Anche le piattaforme di condivisione, dunque, sono chiamate a un più ampio uso delle tecnologie di Ai per contrastare le attività illecite. «Le imprese – sottolinea Fusco – sono più attrezzate di un tempo e più sensibili al continuo aggiornamento tecnologico. Molte di loro già usano strumenti di Ai. E lo studio Dentons ha da poco stilato una guida che fa il punto sullo stato dell’arte in questo campo: dalla contrattualistica alla governance, alla proprietà intellettuale».

L’interpretazione del nuovo

Studiare le tecnologie, leggere il cambiamento e offrire delle risposte. La questione della titolarità, dei falsi, riguarda anche altri nuovi ambiti, come quello – di cui si fa un gran parlare – del metaverso, anzi dei metaversi. In questo caso l’ambito è nuovo, i problemi no. «Sono gli stessi già affrontati in passato – con internet e i social network – ed esistono norme e istituti efficaci, da interpretare e applicare nelle realtà virtuali», osserva Francesca La Rocca dello studio Sena & Partners. «Il campo d’azione della direttiva e-commerce, ad esempio, che regola la responsabilità dei service provider, è stato esteso dalla giurisprudenza ai social network: per cui si prospetta un’applicazione in via analogica anche nei metaversi. D’altra parte il principio è lo stesso del gaming: c’è una società, che crea il software e lo gestisce, e con la quale si stipula un contratto per entrare nell’ambiente virtuale. Che responsabilità abbia questo soggetto è ciò a cui può fornire un’indicazione la direttiva».

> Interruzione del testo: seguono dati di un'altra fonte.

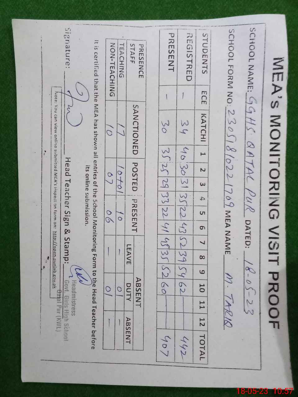 | Attendance Register | Head Teacher | MEA with School | Visit Proof |

Quanto alla contraffazione, dice ancora l’avvocato La Rocca, «bisogna ricordare che il diritto Ip è caratterizzato dal principio di territorialità: la tutela non è internazionale ma vale nei Paesi in cui il marchio è registrato. Il nodo potrebbe essere capire dove si verifica la contraffazione e a quali difese fare ricorso». E qui ritorna il tema dell’intelligenza artificiale: utile a creare, ma anche a scoprire i falsi e quindi a definire le strategie di tutela.

Spiega Lydia Mendola, partner di Portolano Cavallo e responsabile della practice di Ip: «I metaversi, i mondi virtuali, verranno abilitati da diverse tecnologie (blockchain, intelligenza artificiale, realtà aumentata, realtà virtuale, 5G, cloud computing ed edge computing), integrate tra loro. E vanno affrontati interpretando norme che non sono propriamente pensate per queste realtà ma che gli operatori del settore dovranno implementare nel contesto del web 3.0. Lavorando molto con la moda, stiamo già sperimentando un incremento di lavoro sugli Nft, regolati facendo ricorso a norme e principi giuridici esistenti».

Certo con l’affermazione di nuove tecnologie si creano opportunità per nuove attività illecite: «la piattaforma OpenSea, ad esempio - ricorda Mendola –, ha ammesso di recente che l’80% degli Nft coniati grazie al suo servizio gratuito sono “falsi”, nel senso che chi li conia non ha alcun diritto sul bene digitale sotteso. Si aprono nuovi filoni di contenzioso, cui le piattaforme fanno fronte, per esempio, attraverso la procedura di “notice and take down”, cioè di rimozione dei contenuti illegali online».

Brevetti e innovazioni

Non solo brand, diritti dei marchi e del design. Il cambiamento riguarda anche l’ambito più “hard” dei brevetti e della tutela dell’innovazione. «Un tema è quello dei brevetti cosiddetti “essenziali”, che proteggono le tecnologie indispensabili per attuare standard tecnici come 4G, Gprs, Bluetooth, eccetera – nota Luigi Mansani, partner di Hogan Lovells e responsabile del dipartimento di Ip –. Perché è interessante vedere i riflessi sulla cosiddetta Internet of things (IoT). Questi brevetti “essenziali”, che devono essere dati in licenza a prezzi ragionevoli, servono a far funzionare ad esempio computer o smartphone. Ma a partire dalla telefonia, il raggio d’azione si è allargato a dismisura, e ora coinvolge tutti i device, persino le automobili». Parlando di novità, va citato anche il fronte normativo. «Con il nuovo brevetto comunitario che si intravede all’orizzonte – afferma l’avvocato Mansani – l’azione legale varrà finalmente nei confronti di tutti i Paesi Ue, evitando di dover affrontare tante cause diverse nei vari territori».